ACTIVITY
Leave every picture out, and write out the remaining entries exactly.

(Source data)
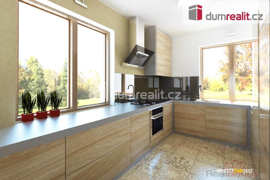 Cena včetně stavby RD, IS, příjezdové komunikace a DPH., Dumrealit.cz Vám zprostředkuje exkluzivní prodej domu na klíč typu Markéta o velikosti 4+kk o podlahové výměře 94 m v Uherském Brodě části Těšov. Součásti uvedené ceny, která již zahrnuje DPH je dům v provedení na klíč, inženýrské sítě (mimo plynu), příjezdová komunikace, veřejné osvětlení, připojené místo EDG (EON), pozemek a veškeré projektové práce a stavebního povolení. Pozemek (č.1 a 2) o rozloze 1190 m je na klidném místě obce se skvělou dostupností do Uherského Brodu či Luhačovic. Šíře pozemku je 22 m. Navíc k nabízenému pozemku je možnost přikoupit i podíl na pozemku za zahradou p.č 1144/1. Dle územního plánu jsou pozemky vedeny a schváleny pro rodinné bydlení. Parametry uvedeného domu: užitná plocha 94 m zastavěná plocha domu 115 m. Dispozici v domě nebo celkově upravit rozměr domu je umožněno. Možnost změnit na jiný dům dle vlastních požadavků. V projektu jsou možné variabilní úpravy dispozice (posuny příček či oken). Patrový dům je ideální pro 5 člennou rodinu s nízkými provozními náklady. Uvedená cena je za pozemek, kompletní stavbu domu v provedení na klíč, projektové dokumentace, vyřízení stavebního povolení, základové desky až po kolaudaci. V uvedené ceně můžete počítat také s finálními povrchovými úpravami exteriéru i interiéru, a to včetně elektroinstalací, sanitárního vybavení s bateriemi, interiérovými dveřmi včetně obložek a vytápění bude řešeno teplovodním podlahovým topením v kombinaci tepelného čerpadla se 180L zásobníkem na teplou vodu. Dle dohody změníme systém vytápění nebo vystavíme komín pro krbové kamna nebo pro využití krbové vložky. Kryté garážové stání spojené s domem nebo venkovní krytou či nekrytou terasu za příplatek. Pro náročnější klienty máme nabídku nadstandardního vybavení chytré domácnosti, klimatizaci, externí žaluzie, rolety, rekuperaci nebo fotovoltaiku. Doba výstavby cca 12-13 měsíců od vydání stavebního povolení a stavbu zahájíme do 10 dnů od jeho vydání. Smlouvy o dílo zašleme na vyžádání včetně položkového rozpočtu. V blízkosti je veškerá občanská vybavenost. Financování zajišťujeme a můžete využití našich služeb, při prodeji Vaší nemovitosti. Doporučuji jednak prohlídku pozemku, tak nabízeného domu hned v sousedství v provedení na klíč. Dle zájmu zašleme položkový rozpočet. Pozemky a domy se dají různě kombinovat. Více informací u makléře. Ev. číslo: 653924. Energetický štítek: A (45 kWh/m2/rok).
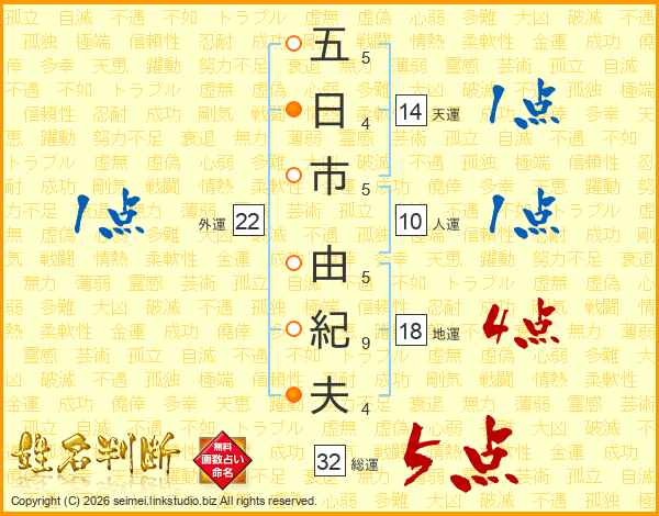 五日市由紀夫さんの天運は14画の1点!
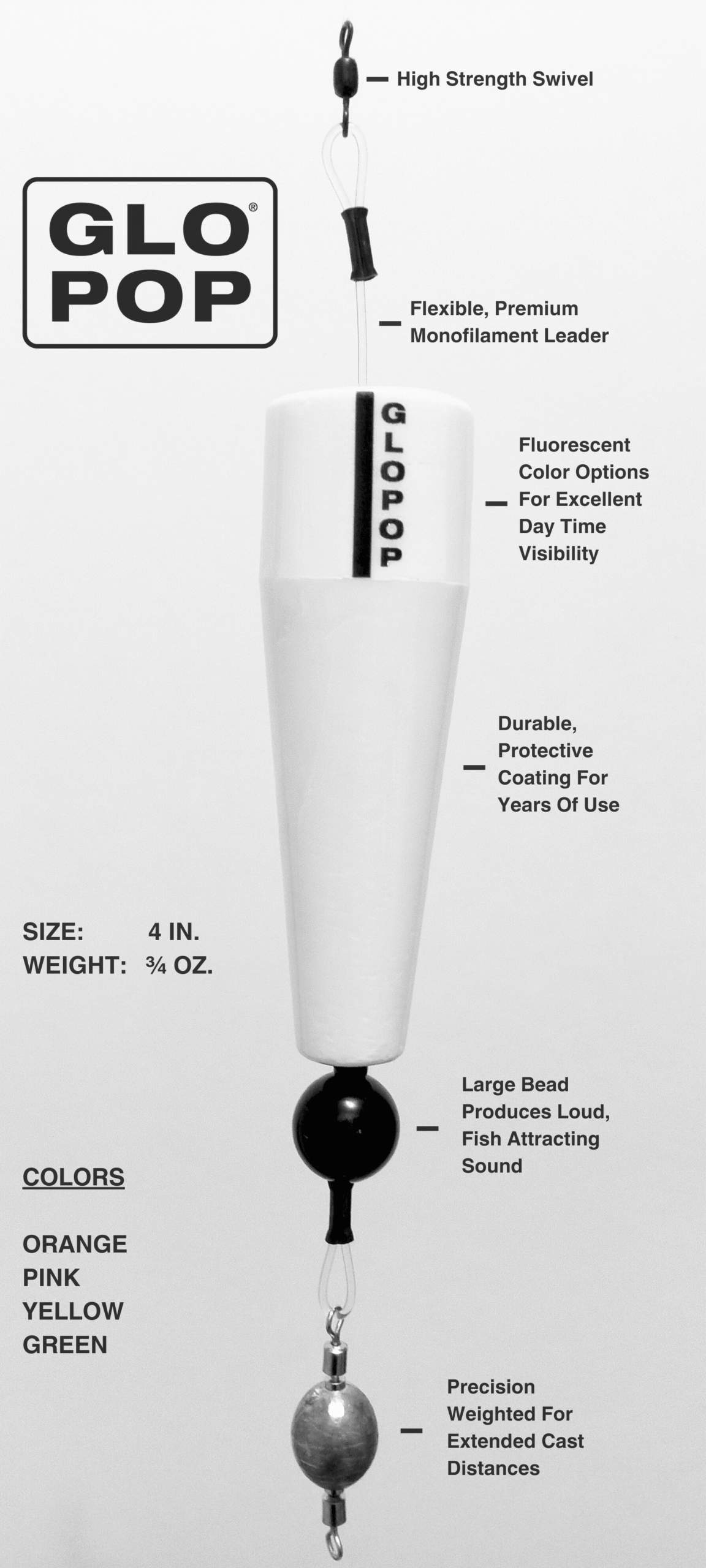 Designed for anglers seeking the same GloPop® quality in a day time popping cork, our standard popping cork delivers outstanding performance, durability and value.
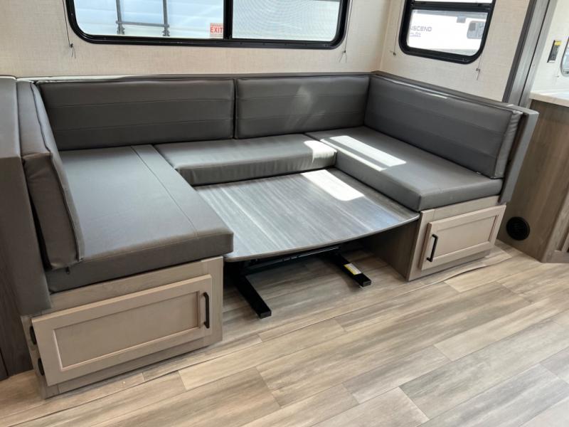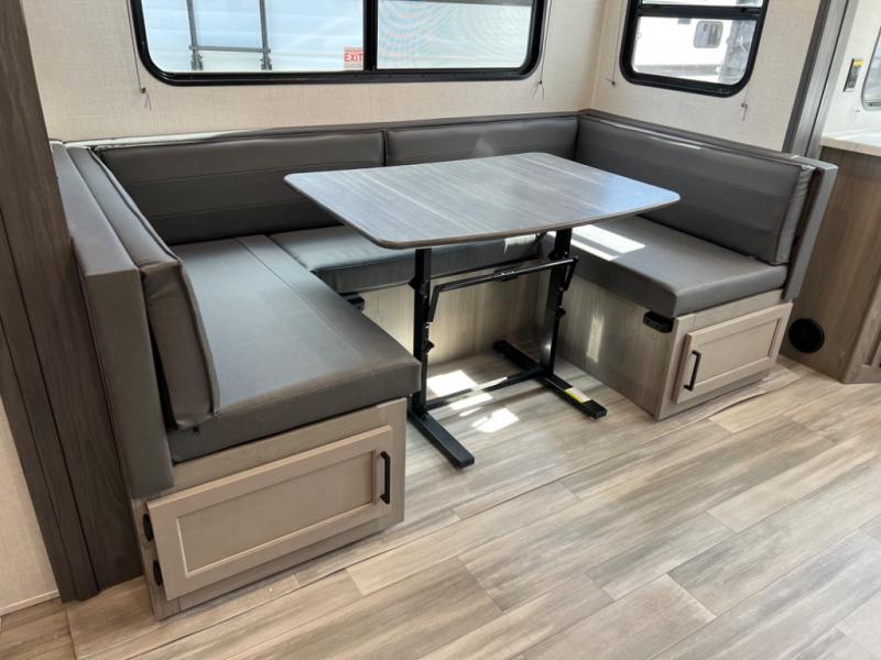 - U-shaped dinette for dining, game nights, and additional sleeping space
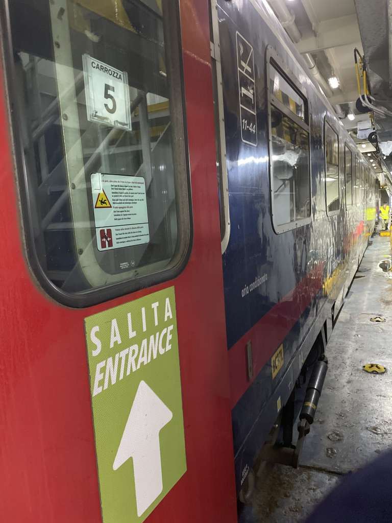 Finally, when the ferry docked in San Giovanni, I solved the last mystery. How does such a long train fit in there? There were several tracks next to each other on the ferry. As I was in one of the first carriages, we rolled in and out of the boat a few times. Each time they connected another couple of carriages to the locomotive until the train was finally complete again.
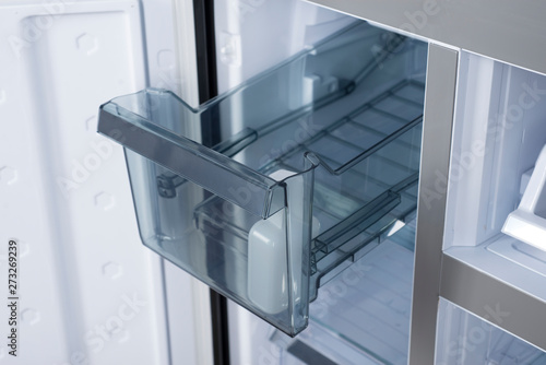 Refrigerator Isolated on White Background. Modern Kitchen and Domestic Major Appliances
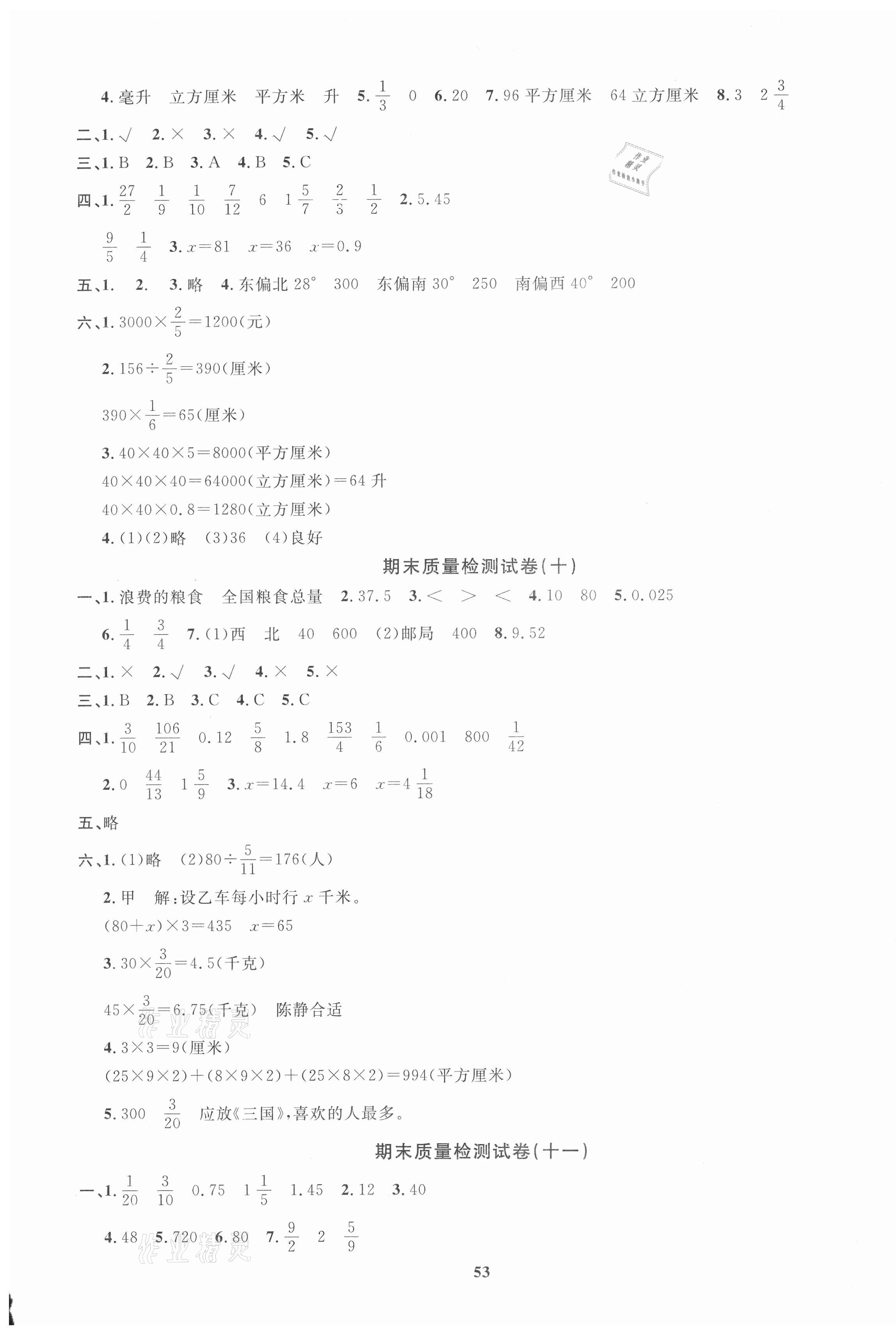注:目前有些书本章节名称可能整理的还不是很完善,但都是按照顺序排列的,请同学们按照顺序仔细查找。练习册 2021年全能金卷期末大冲刺五年级数学下册北师大版 答案主要是用来给同学们做完题方便对答案用的,请勿直接抄袭。

SOLUTION
 Cena včetně stavby RD, IS, příjezdové komunikace a DPH., Dumrealit.cz Vám zprostředkuje exkluzivní prodej domu na klíč typu Markéta o velikosti 4+kk o podlahové výměře 94 m v Uherském Brodě části Těšov. Součásti uvedené ceny, která již zahrnuje DPH je dům v provedení na klíč, inženýrské sítě (mimo plynu), příjezdová komunikace, veřejné osvětlení, připojené místo EDG (EON), pozemek a veškeré projektové práce a stavebního povolení. Pozemek (č.1 a 2) o rozloze 1190 m je na klidném místě obce se skvělou dostupností do Uherského Brodu či Luhačovic. Šíře pozemku je 22 m. Navíc k nabízenému pozemku je možnost přikoupit i podíl na pozemku za zahradou p.č 1144/1. Dle územního plánu jsou pozemky vedeny a schváleny pro rodinné bydlení. Parametry uvedeného domu: užitná plocha 94 m zastavěná plocha domu 115 m. Dispozici v domě nebo celkově upravit rozměr domu je umožněno. Možnost změnit na jiný dům dle vlastních požadavků. V projektu jsou možné variabilní úpravy dispozice (posuny příček či oken). Patrový dům je ideální pro 5 člennou rodinu s nízkými provozními náklady. Uvedená cena je za pozemek, kompletní stavbu domu v provedení na klíč, projektové dokumentace, vyřízení stavebního povolení, základové desky až po kolaudaci. V uvedené ceně můžete počítat také s finálními povrchovými úpravami exteriéru i interiéru, a to včetně elektroinstalací, sanitárního vybavení s bateriemi, interiérovými dveřmi včetně obložek a vytápění bude řešeno teplovodním podlahovým topením v kombinaci tepelného čerpadla se 180L zásobníkem na teplou vodu. Dle dohody změníme systém vytápění nebo vystavíme komín pro krbové kamna nebo pro využití krbové vložky. Kryté garážové stání spojené s domem nebo venkovní krytou či nekrytou terasu za příplatek. Pro náročnější klienty máme nabídku nadstandardního vybavení chytré domácnosti, klimatizaci, externí žaluzie, rolety, rekuperaci nebo fotovoltaiku. Doba výstavby cca 12-13 měsíců od vydání stavebního povolení a stavbu zahájíme do 10 dnů od jeho vydání. Smlouvy o dílo zašleme na vyžádání včetně položkového rozpočtu. V blízkosti je veškerá občanská vybavenost. Financování zajišťujeme a můžete využití našich služeb, při prodeji Vaší nemovitosti. Doporučuji jednak prohlídku pozemku, tak nabízeného domu hned v sousedství v provedení na klíč. Dle zájmu zašleme položkový rozpočet. Pozemky a domy se dají různě kombinovat. Více informací u makléře. Ev. číslo: 653924. Energetický štítek: A (45 kWh/m2/rok).
 五日市由紀夫さんの天運は14画の1点!
 Designed for anglers seeking the same GloPop® quality in a day time popping cork, our standard popping cork delivers outstanding performance, durability and value.
 - U-shaped dinette for dining, game nights, and additional sleeping space
 Finally, when the ferry docked in San Giovanni, I solved the last mystery. How does such a long train fit in there? There were several tracks next to each other on the ferry. As I was in one of the first carriages, we rolled in and out of the boat a few times. Each time they connected another couple of carriages to the locomotive until the train was finally complete again.
 Refrigerator Isolated on White Background. Modern Kitchen and Domestic Major Appliances
注:目前有些书本章节名称可能整理的还不是很完善,但都是按照顺序排列的,请同学们按照顺序仔细查找。练习册 2021年全能金卷期末大冲刺五年级数学下册北师大版 答案主要是用来给同学们做完题方便对答案用的,请勿直接抄袭。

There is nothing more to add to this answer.